» **Exercise**
Leave every image behind and restate the data word for word.

[Opening Given data section]

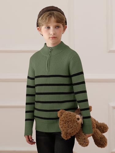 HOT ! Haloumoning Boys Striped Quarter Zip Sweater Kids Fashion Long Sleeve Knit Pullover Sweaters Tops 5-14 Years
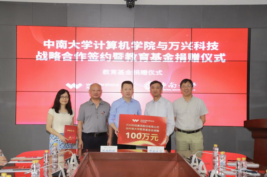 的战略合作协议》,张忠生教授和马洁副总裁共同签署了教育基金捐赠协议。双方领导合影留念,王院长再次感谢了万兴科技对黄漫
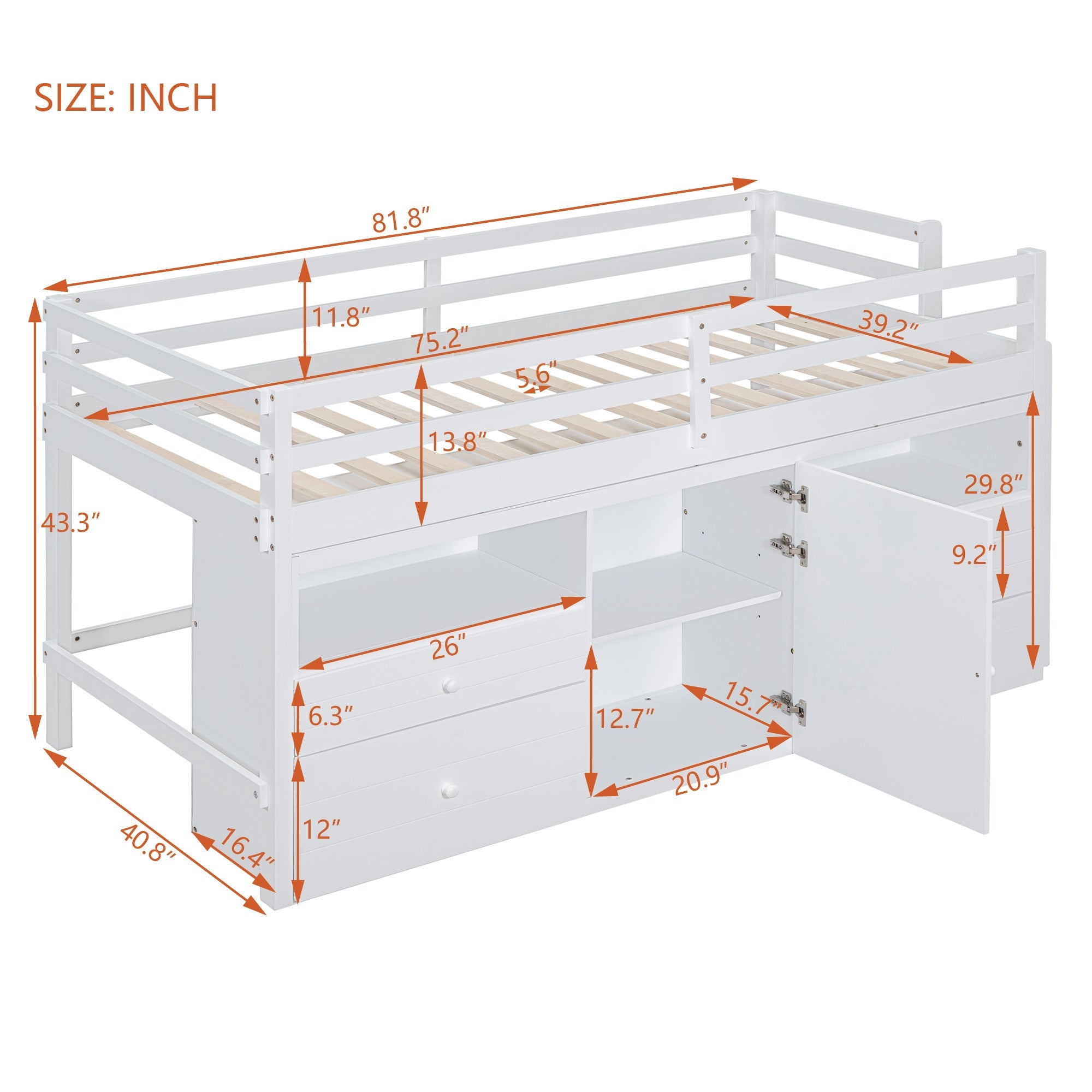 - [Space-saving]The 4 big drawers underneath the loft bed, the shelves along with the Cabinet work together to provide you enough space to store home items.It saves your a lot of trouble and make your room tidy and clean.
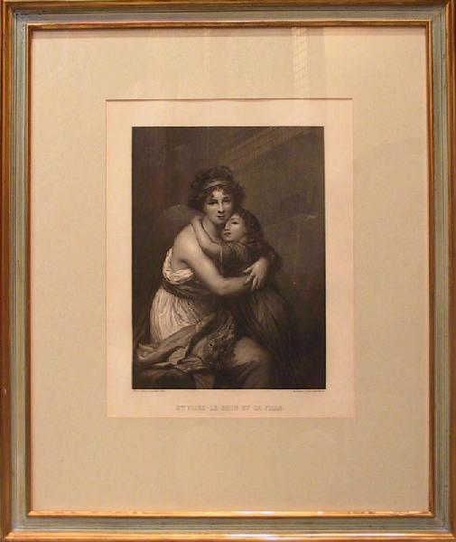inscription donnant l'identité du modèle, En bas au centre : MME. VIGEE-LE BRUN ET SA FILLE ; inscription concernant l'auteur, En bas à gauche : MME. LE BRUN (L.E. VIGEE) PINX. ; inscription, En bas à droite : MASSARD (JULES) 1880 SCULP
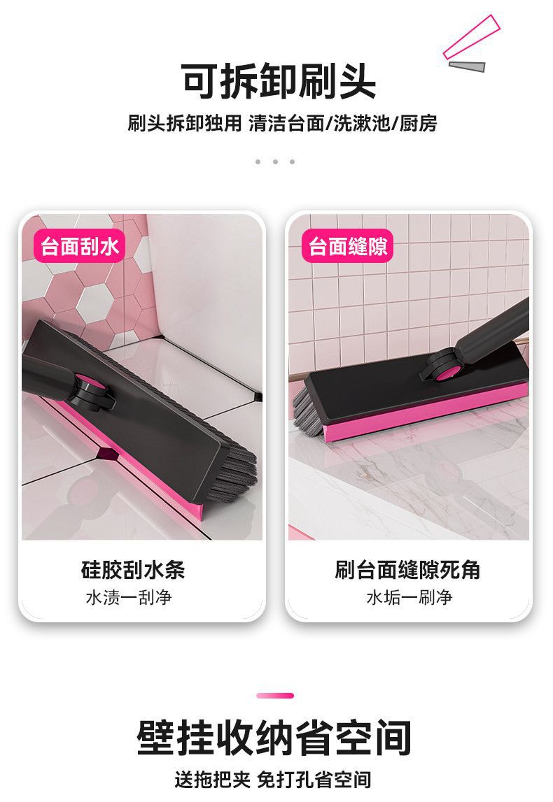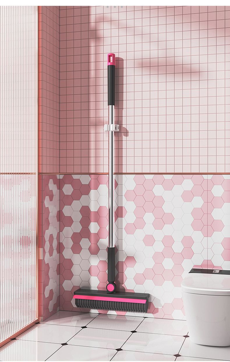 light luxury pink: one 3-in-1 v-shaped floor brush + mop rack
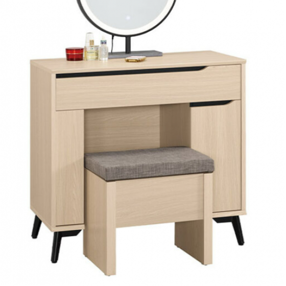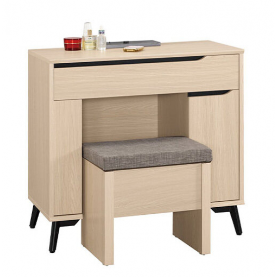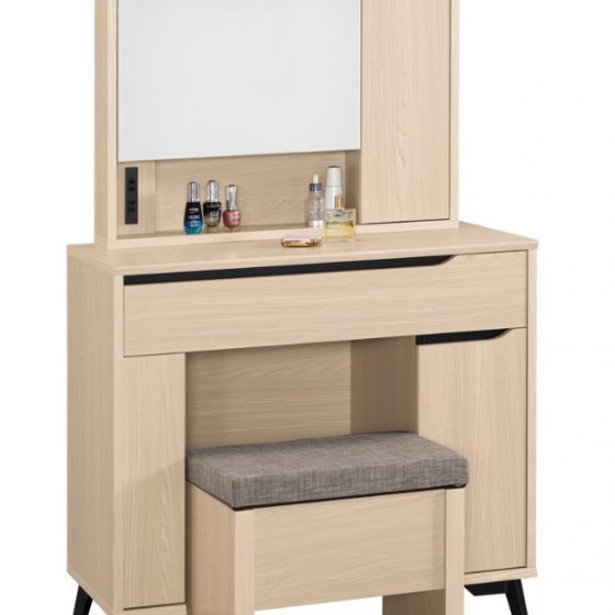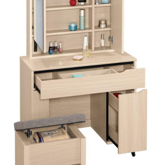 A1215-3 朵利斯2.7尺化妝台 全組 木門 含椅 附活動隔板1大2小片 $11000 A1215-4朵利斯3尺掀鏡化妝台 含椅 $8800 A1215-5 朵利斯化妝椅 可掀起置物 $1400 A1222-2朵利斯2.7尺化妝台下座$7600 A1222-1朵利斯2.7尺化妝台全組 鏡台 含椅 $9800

[Closing Given data section]

» **Result of the exercise**
 HOT ! Haloumoning Boys Striped Quarter Zip Sweater Kids Fashion Long Sleeve Knit Pullover Sweaters Tops 5-14 Years
 的战略合作协议》,张忠生教授和马洁副总裁共同签署了教育基金捐赠协议。双方领导合影留念,王院长再次感谢了万兴科技对黄漫
 - [Space-saving]The 4 big drawers underneath the loft bed, the shelves along with the Cabinet work together to provide you enough space to store home items.It saves your a lot of trouble and make your room tidy and clean.
inscription donnant l'identité du modèle, En bas au centre : MME. VIGEE-LE BRUN ET SA FILLE ; inscription concernant l'auteur, En bas à gauche : MME. LE BRUN (L.E. VIGEE) PINX. ; inscription, En bas à droite : MASSARD (JULES) 1880 SCULP
 light luxury pink: one 3-in-1 v-shaped floor brush + mop rack
 A1215-3 朵利斯2.7尺化妝台 全組 木門 含椅 附活動隔板1大2小片 $11000 A1215-4朵利斯3尺掀鏡化妝台 含椅 $8800 A1215-5 朵利斯化妝椅 可掀起置物 $1400 A1222-2朵利斯2.7尺化妝台下座$7600 A1222-1朵利斯2.7尺化妝台全組 鏡台 含椅 $9800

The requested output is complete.